Ten kilometers west of the city, in Bergs Klätt, there are remnants of a younger Stone Age and Nordic Bronze Age settlements in the form of graves.

The town was a village until 1811 when it was given town privileges by royal charter under the name Oscarsstad in order to improve the economy of the area. This attempt was unsuccessful, and the town privileges were repealed in 1821 and the town was instead given the status of köping (township) and renamed Arvika. The town privileges were reinstated at the founding centennial in 1911, and the name Arvika remained. The city status is now obsolete, but Arvika is since 1971 the seat of the larger Arvika municipality.

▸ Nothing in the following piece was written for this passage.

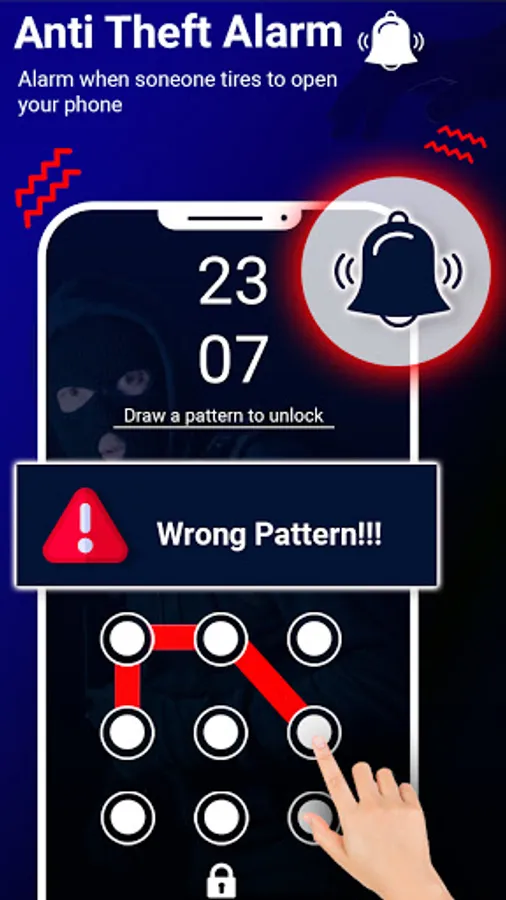 Intruder selfie or photo on Wrong Pattern: now a days every one wants to secure its mobile data form thefts and spy and wants an app that tells them who try to unlock my phone or who try to unlock their phone in their absence to steal their phone private data.so this app named alarm on wrong pattern or security code and intruder selfie is best mobile security app which tells you who try to break phone security like your pattern password and pin lock or PIN password. Our app alarm on wrong pattern will gives you intruder alert alarm and Takes a pictures when password is incorrect android phone. There are many apps that take pictures when wrong password is entered on google play store but none of those intruder selfie apps gives you alarm on wrong password. So our app selfie on wrong password and alarm on wrong pattern is best anti spy free app. it’s an intruder selfie app and perfect selfie app which takes a perfect selfie of theft or spy and save it to your phone gallery and also in your intruder selfie app gallery so that you can find who try to unlock your phone or theft easily. Suppose you phone is on charging and someone try to unlock you phone pattern then this intruder selfie and alarm on wrong pattern app take selfie of that theft and also starts alarm if intruder tried again and again to unlock your phone. It’s a best security alarm app for your phone or you can say a simple alarm system in your phone through this app which alerts you about your phone security in case of emergency. Its ring home security for your phone which saves you phone to be stolen intruder alert alarm. It’s like a door alarm when someone break into your phone by breaking this security door alarm in the form of password or pattern then its start alarming and also take selfie of that theft.

The church Mikaelikyrkan is from 1647, and the church in the centre, Trefaldighetskyrkan, is from the same year as the town, 1911.

==Industry==
Arvika has several heavy industrial production facilities which employ the majority of the population, among these Thermia, Volvo Construction Equipment (Wheel loaders), Arvika Gjuteri (nodular and grey iron foundry) and Coffee Queen, a coffee machine factory.

==Culture==
Arvika is known for the turn of the century (around 1900) artist commune Rackstad just outside the city. Here, several famous Swedish artists lived and worked, the most well-known probably being Christian Eriksson and Gustaf Fjæstad and his wife Maja Fjæstad. Other talents that lived in Rackstad include Björn Ahlgrensson and Fritz Lindström. Arvika is also home of NHL player Jacob De La Rose, drafted by the Montreal Canadiens in 2012.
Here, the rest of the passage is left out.